Dr. Ashley Bernotas: Yeah. It fires back at us. The menopause transition is one of the hardest things that women go through, and I think that it needs to be talked about a lot more. And I could also talk about that for days, but I would say that it's the time in their life when it doesn't budge. They can exercise, they can do all these things. And finally, these medications do come in and allow them to continue exercising and eating healthy, but actually losing the weight and seeing results that they want.
Host: And 18-year-old me is not, you know, me today. That's 10 years ago, I'm not the same person. But I think, again, it's the reality of it and there's the reasonable side, and then there's the irrational side that sometimes can't process all of that. You said that we need to change decades of thinking when it comes to treating chronic disease and obesity with short term solutions. Again, what are we doing wrong and what do we need to change and do better?
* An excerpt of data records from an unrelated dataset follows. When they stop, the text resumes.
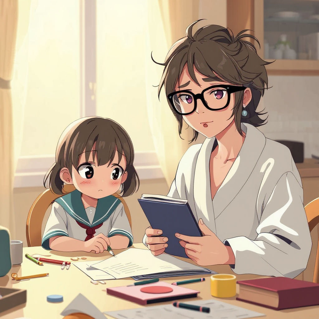 This image shows a mother and child at a cluttered kitchen table in soft morning light. The illustration features a flat, cel-shaded style reminiscent of anime art with deep colors.
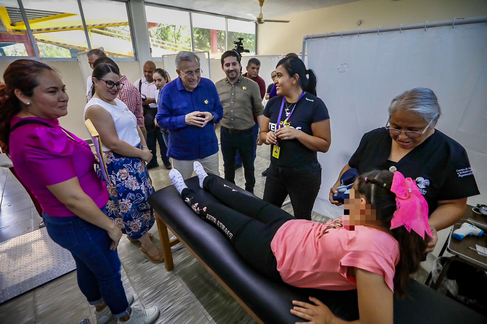 Con el propósito de agilizar el proceso para las familias con algún integrante que requiere apoyo para tratar el autismo y la discapacidad motriz, a través del Centro de Rehabilitación e Inclusión Infantil Teletón que se inaugurará próximamente en Mazatlán, esta mañana el Gobernador Rubén Rocha Moya realizó un recorrido de supervisión en el Instituto Cultural de Occidente, centro educativo que funge como sede temporal para las Jornadas de Valoración e Incorporación de los interesados en obtener cupo para el CRIT, quienes participaron en una fase inicial de inscripción telefónica.
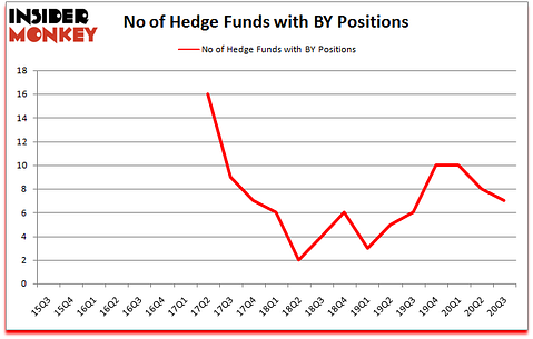 At the end of the third quarter, a total of 7 of the hedge funds tracked by Insider Monkey held long positions in this stock, a change of -13% from one quarter earlier. The graph below displays the number of hedge funds with bullish position in BY over the last 21 quarters. So, let’s review which hedge funds were among the top holders of the stock and which hedge funds were making big moves.
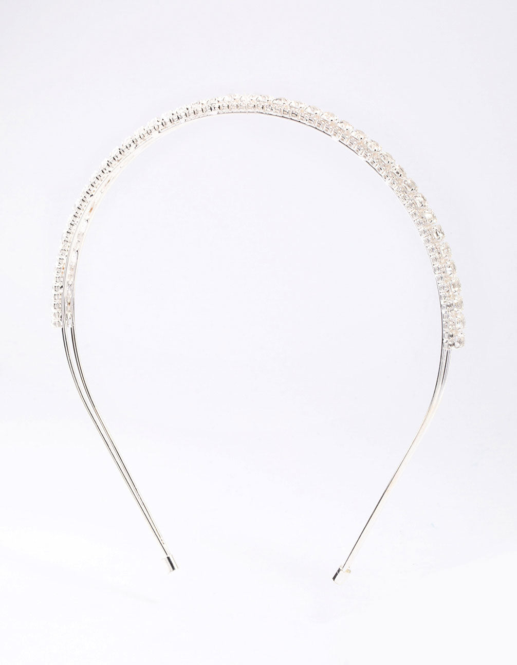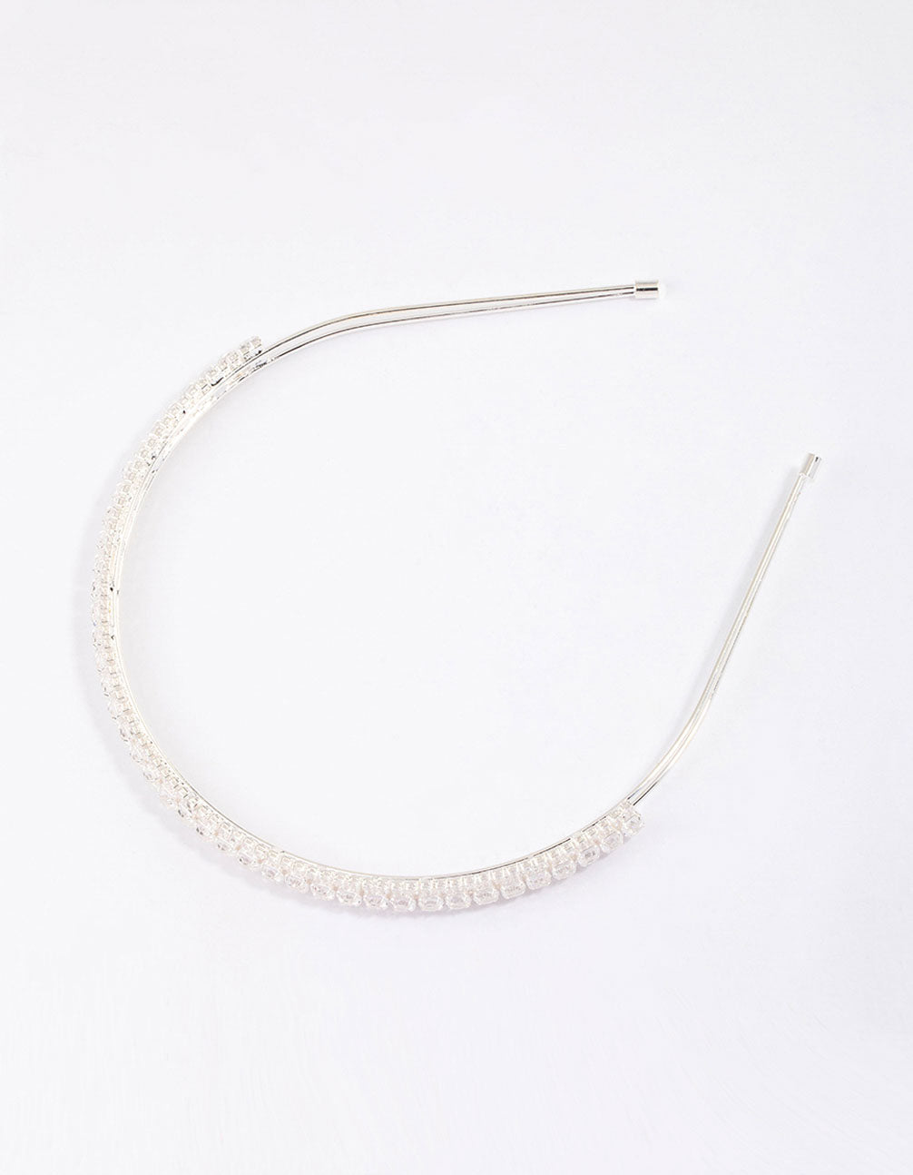 - This simple silver headband features encased, cubic zirconia crystals for a glamorous finish to your outfit.
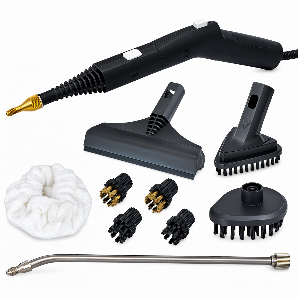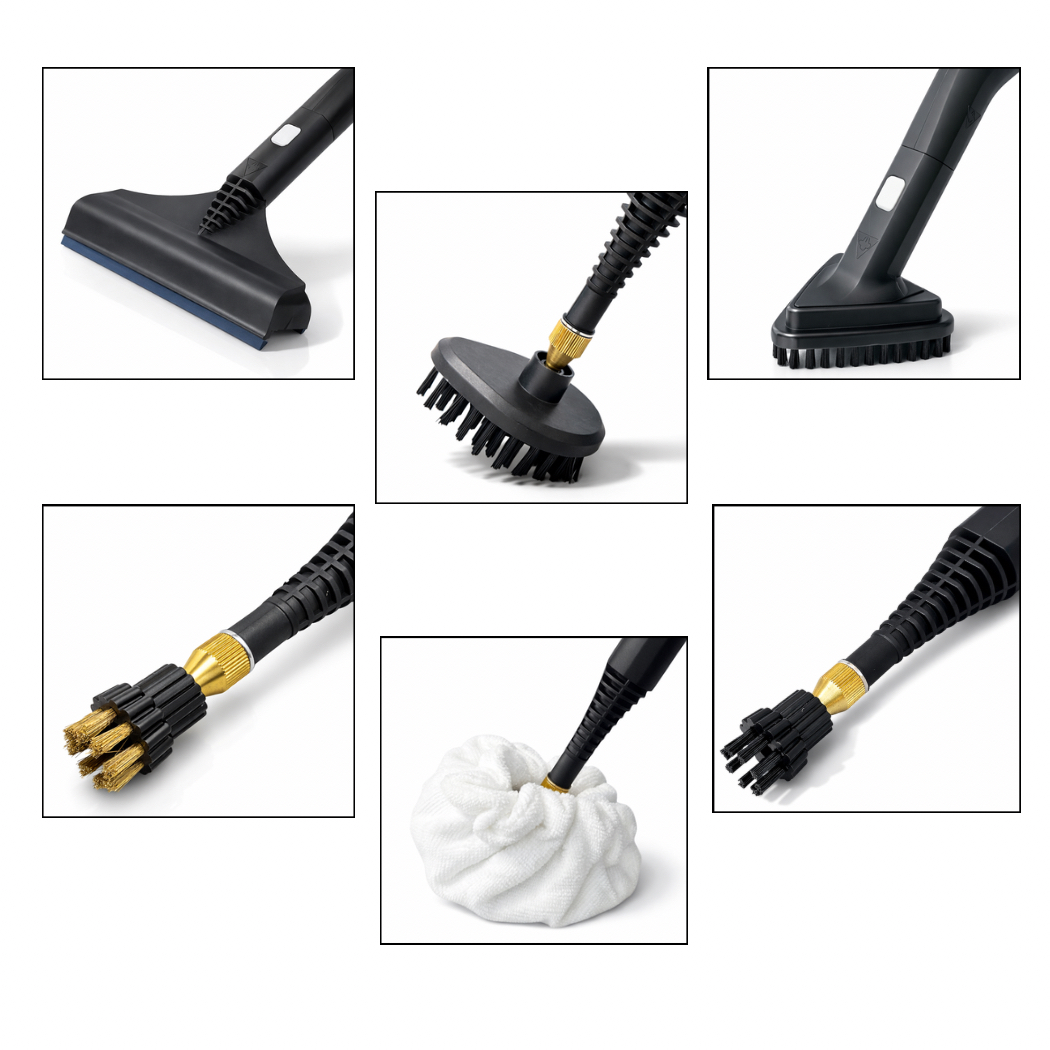 Пароочисник SX26-C комплектується набором різних насадок, які дозволяють ефективно очищати різні типи поверхонь — від плитки та сантехніки до скла, меблів і кухонної техніки. Кожна насадка має своє призначення, що робить пристрій універсальним інструментом для прибирання.
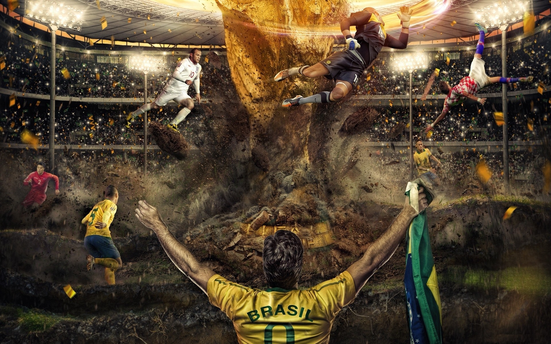 Description: A man is standing in a stadium with his arms up in the air as other people run around him.
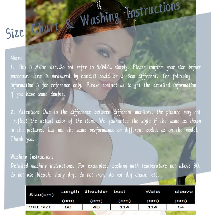 Один размер обхват груди 114 см Длина 60 см плечо 48 см Рукав 64 см Есть погрешность в 1-3 см, пожалуйста, внимательно проверьте перед покупкой. Спасибо
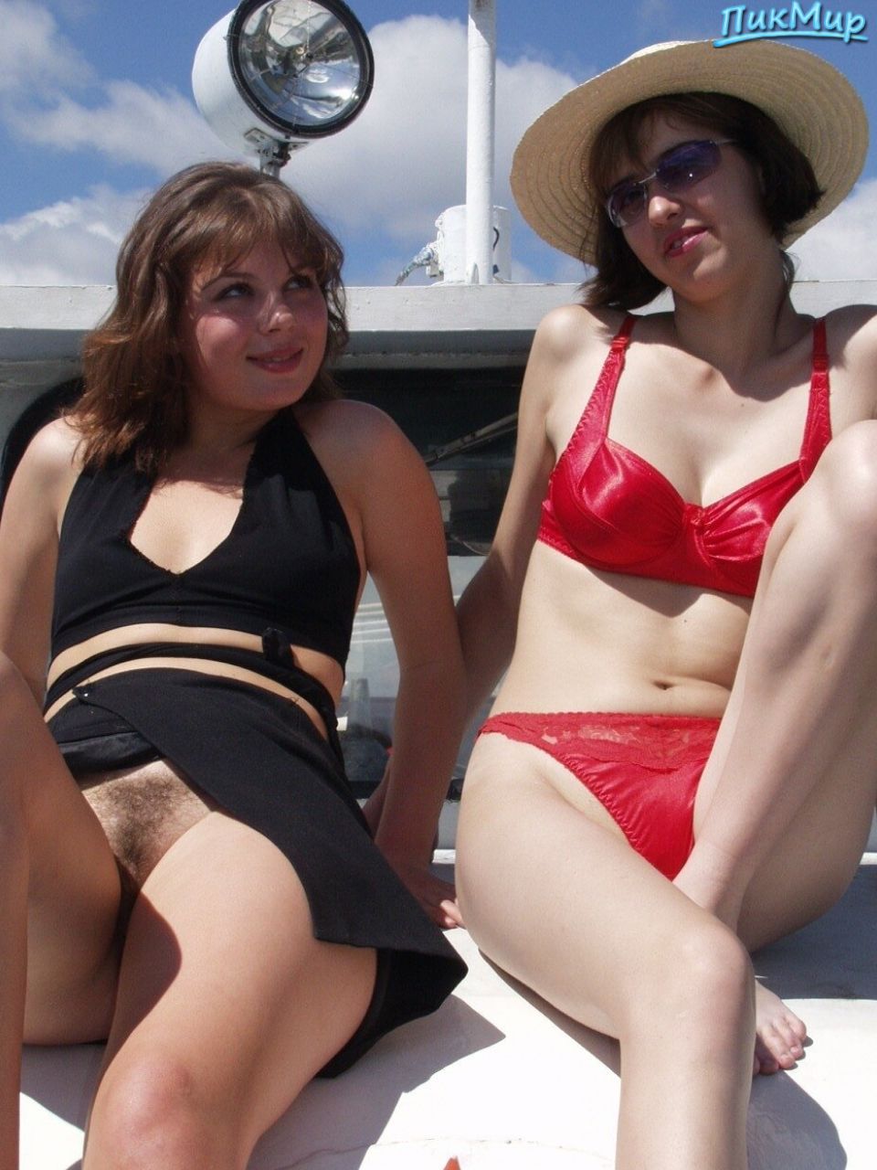 Девочки шалят на яхте выставляют свои прелести
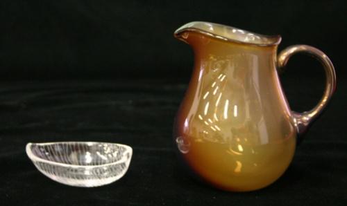 BRINGARE, BRUNTONAT GLAS, SIGN. OLLE ALBERIUS, ORREFORS, H15, FAT, LÖVFORMAT, SIGN. T.W, IITTALA, L10 (2)
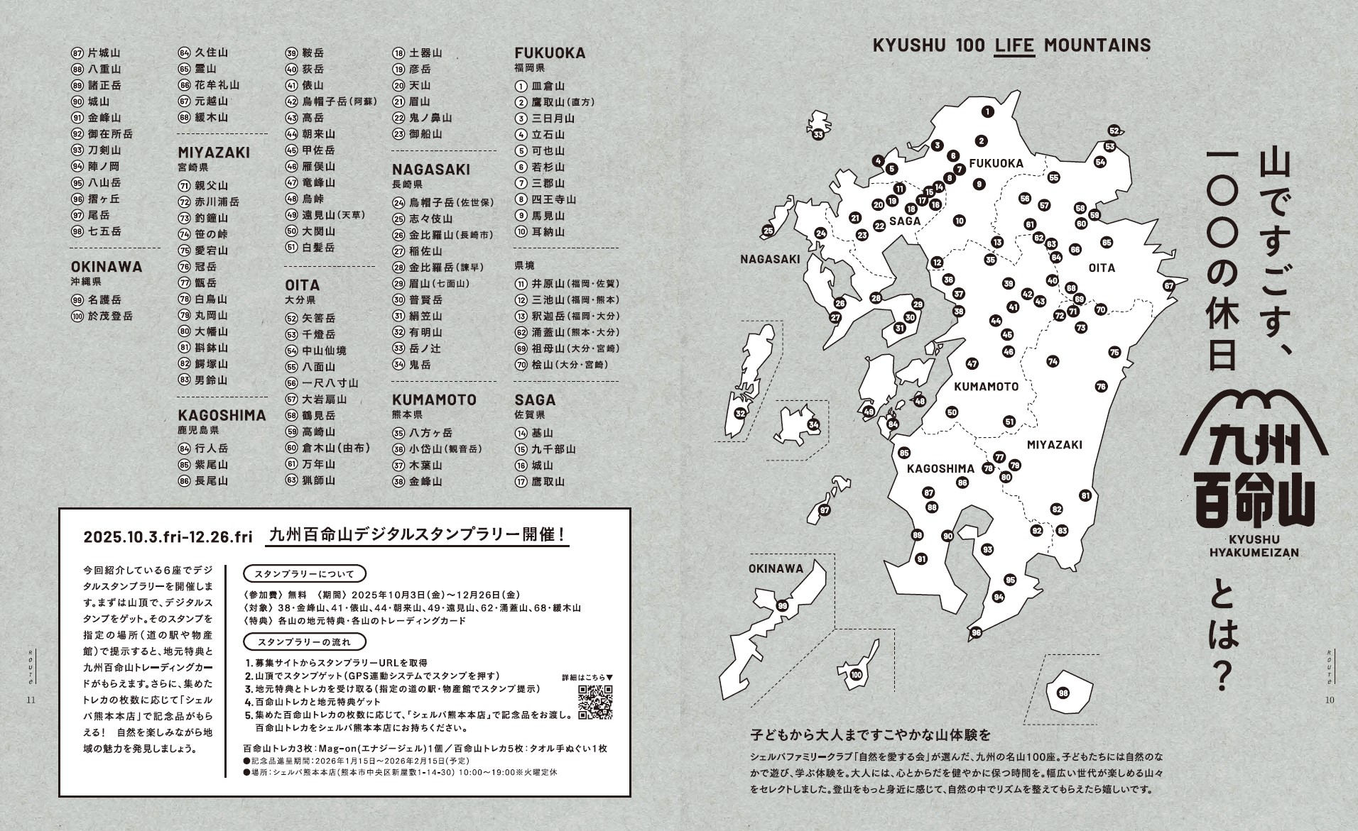 1座ごとに地域特典と九州百命山トレカをゲット。3座以上で記念品もプレゼント!

Dr. Ashley Bernotas: So, as I said, it's a chronic disease. It doesn't respond to short term solutions. These fad diets that we've been dealing with since I would say like the '80s, you know?
Host: Oh gosh.
Dr. Ashley Bernotas: The Jazzercise.
Host: The Cabbage diet.
Dr. Ashley Bernotas: The Zone Diet, the Nutrisystem, the Weight Watchers. You know, all of these diets are not going to solve our problem. Sure, they can guide you, but it needs to be something that fits into your life. And if it is too unrealistic, if you are eating what I call astronaut food, you know, if you're eating these like freeze dried meals, you know...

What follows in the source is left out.